All children who board have to survive forced separation very young. A common coping mechanism is to disown their sadness and softer side; a 'strategic survival personality' is erected - a mask behind which their anxiety is hidden. Boarding school children equip themselves with a smile that says 'I am happy'. 
  • Psychologists talk of 'false-selves'. Few boarding school children are going to risk upsetting parents by telling them about their unhappiness. From all this, the skill in duplicity is nurtured - and honed in many adult working environments, not least in politics.   
  •  Nick Duffell has identified three personality types: 'compliers', 'rebels, and 'crushed'. 
  • When neglect is normalised, as in a sense it is within the boarding school system, abuse can readily occur. The 'crushed' can include the victimised and bullied who have been unable to erect a believable survival personality. When Nick Duffell was a child attending his boarding public school, another boy killed himself because he got so much unwanted attention because he was beautiful. 
  • The 'rebels' are the most difficult to treat. They distrust all authority figures which leaves them floundering without any internal authority within their own world. 
  • The 'compliers' are the largest group. Their mantra is 'It never did me any harm' and they defend their strategic survival personality forcefully by ridiculing anybody who suggests they may be wounded by their early experiences. This type often has a breakdown at some point. 

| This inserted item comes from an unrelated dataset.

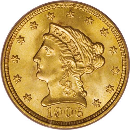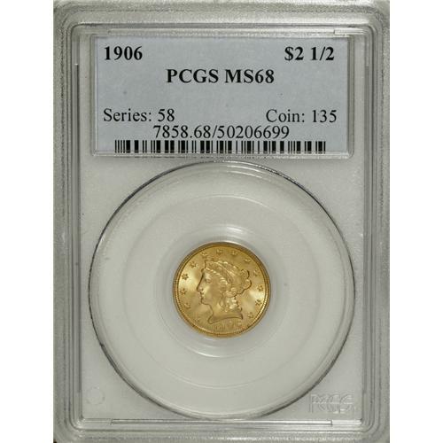 <B>1906 $2 1/2 MS68 PCGS.</B></I> Just eight Liberty quarter eagles have been certified as MS68 (see our commentary above for the 1904), and two of them are offered in the present sale. Not only are these exceptional coins ideal for advanced and high quality date sets of the series, but they are also important pieces for type collectors who are seeking the best possible coins. This specimen is sharply detailed and has gorgeous orange-gold mint frost. The surfaces are pristine and virtually perfect with only a single tiny orange toning spot above Liberty's hair. Population: 1 in 68, 0 finer (3/07).<BR><BR><b>Shipping:</b> Coins & Currency (<a target="_blank" href="http://www.heritageauctions.com/common/shipping.php">view shipping information</a>)

  • The effect of such difficult experiences in childhood on those who become politicians in adult life can be to blunt an understanding and empathy with the vulnerable in society. If you have been forced to disassociate from your own natural vulnerability, your capacity to empathise with the vulnerable is diminished. Hence, around a fifth of the population of the UK are disregarded in Tory neoliberalism. 
  • Neuroscience has established a link between emotional intelligence and making good choices. Will Hutton, the economist, argues that the Tory Party has consistently made bad decisions over decades. Nick Duffell's thesis is that those bad decisions are linked to diminished empathy which can be traced back to the trauma of being boarded and separated from hands-on parenting. 
  • The duplicity habit, learnt as a survival strategy, means the boarding school-boy who grows up to be a politician can have confused boundaries about what is true and what is a lie - Tony Blair, for instance, cannot admit he lied and was wrong over Iraq. Boris Johnson has a track-record of lying.  
  • Boarding school survivors may find it difficult to join groups and become team-players. One reason why the UK has never really joined fully with the European community project is because too many of our politicians are fearful of joining a new team project. 

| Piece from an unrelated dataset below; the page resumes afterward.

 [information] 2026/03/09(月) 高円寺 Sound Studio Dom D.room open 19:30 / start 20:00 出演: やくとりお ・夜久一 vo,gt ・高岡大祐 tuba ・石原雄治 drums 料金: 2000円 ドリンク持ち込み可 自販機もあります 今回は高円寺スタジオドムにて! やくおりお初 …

Nick Duffell (2000), The Making of Them, Lone Arrow Press

Food for thought. 

Here, by way of conclusion, is George Monbiot making a very similar case to the one presented by Nick Duffell:

I hope this has helped in the unpicking of the masks of Boris Johnson.


  1. A thought provoking account of the reasons why... empathy is such an important part of the human being - the ability to put oneself in another's shoes and walk their path in life.. the young boy sent away from home to boarding school will have to find ways to cope - and a false persona ... these young men are likely have hidden from their full emotional range with a stiff upper lip .. I feel for the hurt child who has been buried deep ...leaving them unable to empathise with others as any in pain or need will reflected their own pain and need.
    And their understanding of the experience of those in need, hungry, homeless,scared, struggling to survive .. empathy will not be part of their emotional life ..

  2. Yes - we need compassion for these false selves, even as we struggle to overcome the damage they do as adults.

  3. Yes - and be ready to have that compassion rejected! It is too threatening.